This study was conducted to update the previous systematic review [13] that assesses the efficacy of intravaginal oxytocin gel on the symptoms and laboratory parameters of GSM.
Our meta-analysis showed that the administration of intravaginal oxytocin causes statistically insignificant cytological changes in the vaginal mucosa (vaginal maturation index). On the other hand, Ghorbani and Mirghafourvand [13] documented statistically significant changes because they did not consider the significant heterogeneity. The vaginal maturation index is an indicator of vaginal atrophy that measures the number of intermediate and superficial mucosal cells in relation to immature basal cells [25]. Decreased vaginal maturation index suggests increased vaginal atrophy.
The meta-analysis also showed a statistically insignificant effect of oxytocin on vaginal pH. Four studies, including Jonasson et al. (2020) [14], the newly included study, evaluated changes in vaginal pH, which is considered a valuable parameter in diagnosing vaginal atrophy in addition to the vaginal maturation index. Despite the insignificant changes in these two parameters, the meta-analysis of vaginal atrophy showed oxytocin causing a statistically significant decrease in vaginal atrophy. Vaginal atrophy, as an outcome, was only discussed in two of the old studies [14, 15]. So, the weight of its meta-analysis may not be dependable.
The deficiency of estrogen following menopause causes structural changes in the vaginal epithelium, which can cause the symptoms of GSM, such as itching, dryness, burning, dysuria, and dyspareunia [25]. Despite the importance of dyspareunia as a subjective parameter of vaginal atrophy effect on the quality of life of patients with GSM, it was not analyzed in the previous meta-analyses. Furthermore, the meta-analysis of dyspareunia data revealed that vaginal oxytocin does not affect dyspareunia.

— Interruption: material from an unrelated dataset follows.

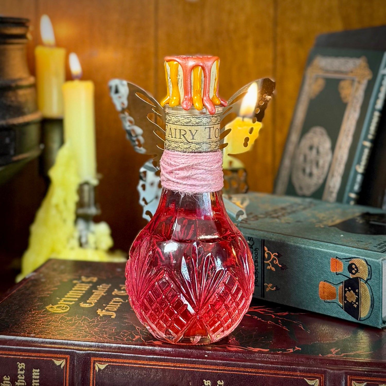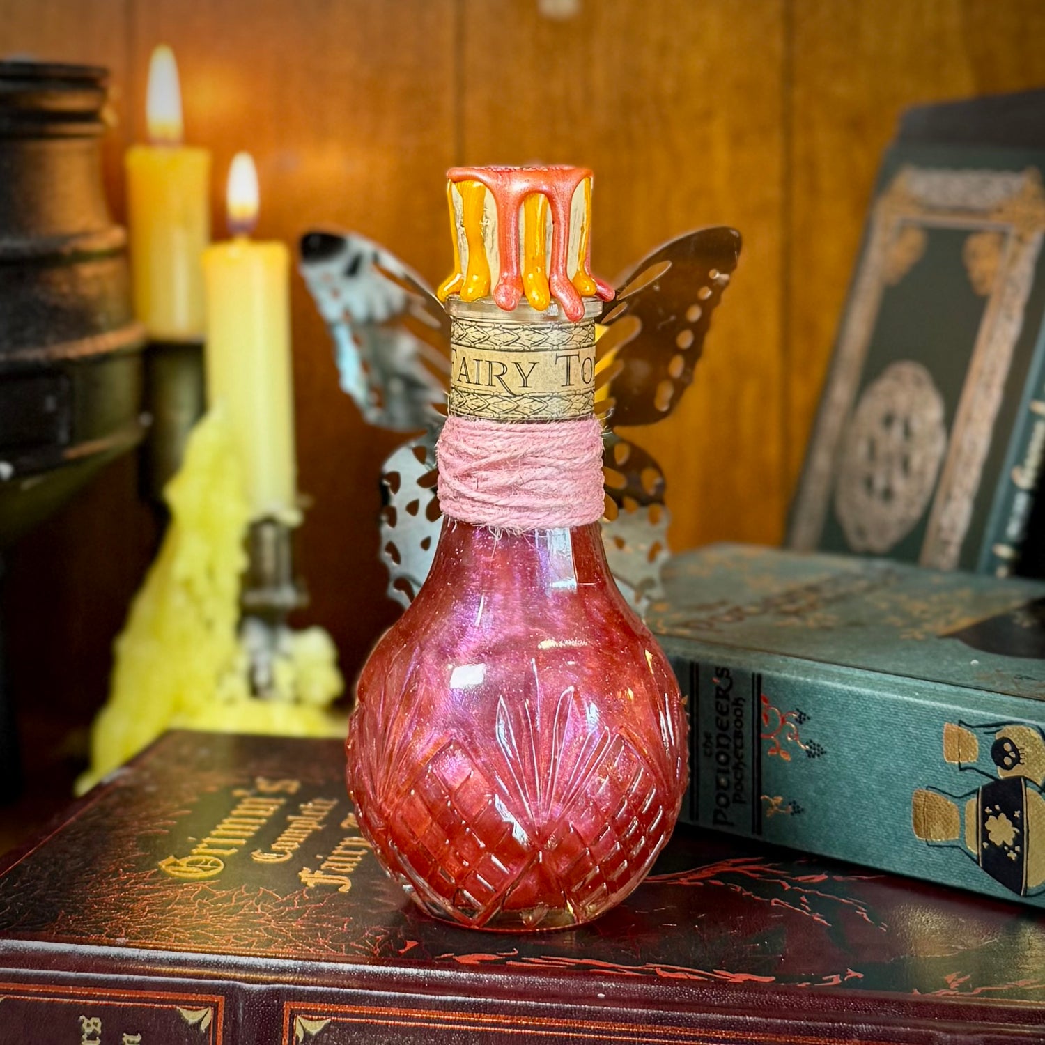 I create life size, realistically magical potions that look like they live in the wizarding world or a wizened old alchemists workshop. They’re intended to look old and worn, while still pretty. I hand age the labels, so they are faded and stained. Some are more stained and older looking than others, your collection will look authentic.

Moreover, vaginal atrophy is assessed by histological evaluation, which depends on the number of layers, size of nuclei, and glycogen content of the cells rather than the number of cells in each layer [14]. Despite its high sensitivity in diagnosing vaginal atrophy, histological evaluation is invasive; therefore, it was only done in two studies [18, 19]. The meta-analysis of the histological evaluation showed that the effect of oxytocin was insignificant. The two new trials [16, 24] did not evaluate this outcome; therefore, the results were similar to the previous review. In addition, they did not update the endometrial thickness meta-analysis data, where current evidence suggests that oxytocin does not affect endometrial thickness. Furthermore, we could not perform the meta-analysis of estrogen serum levels because of the difference in measurement units between the studies. Otherwise, these studies [14, 19] found no significant effect of oxytocin on estrogen levels.
The studies included in this systematic review found no statistical evidence of oxytocin affecting either the clinical or the lab-based parameters of GSM except for Zohrabi et al. (2020) [24], where a statistically significant effect on vaginal maturation index and vaginal pH was found. However, the same study caused significant heterogeneity.
Hormonal compounds (estrogen alone or estrogen with progesterone) are effective in alleviating the symptoms of GSM, but their safety is questioned [26, 27]. Therefore, it is necessary to find effective alternatives such as oxytocin. Oxytocin receptors are expressed in various areas, including the vaginal epithelium, where oxytocin plays a role in proliferation and differentiation [28]. In vitro studies and clinical trials [9, 14, 15, 18, 19] have shown that oxytocin has promising results in GSM. In addition, it has protective effects against endometrial, ovarian, and colon cancers [29, 30], unlike estrogen, whose usage is associated with estrogen-dependent cancers [27].
This study answered questions that were not previously discussed, such as whether oxytocin affects different parameters of GSM, such as vaginal pH, vaginal atrophy, and dyspareunia. Moreover, we updated the discussion about the effect of oxytocin on vaginal cytology through the vaginal maturation index by addressing the significant heterogeneity.
Limitations
The limitations of this study include short and different follow-up periods, the use of various tools in each study to assess vaginal atrophy, and the use of different drug dosages. In addition, the variation in the eligibility criteria of the clinical trials where some studies [14, 15, 17, 24] used subjective methods such as patient-reported symptoms, whereas other studies [18, 19] used clinical and lab-based criteria for the enrollment of patients.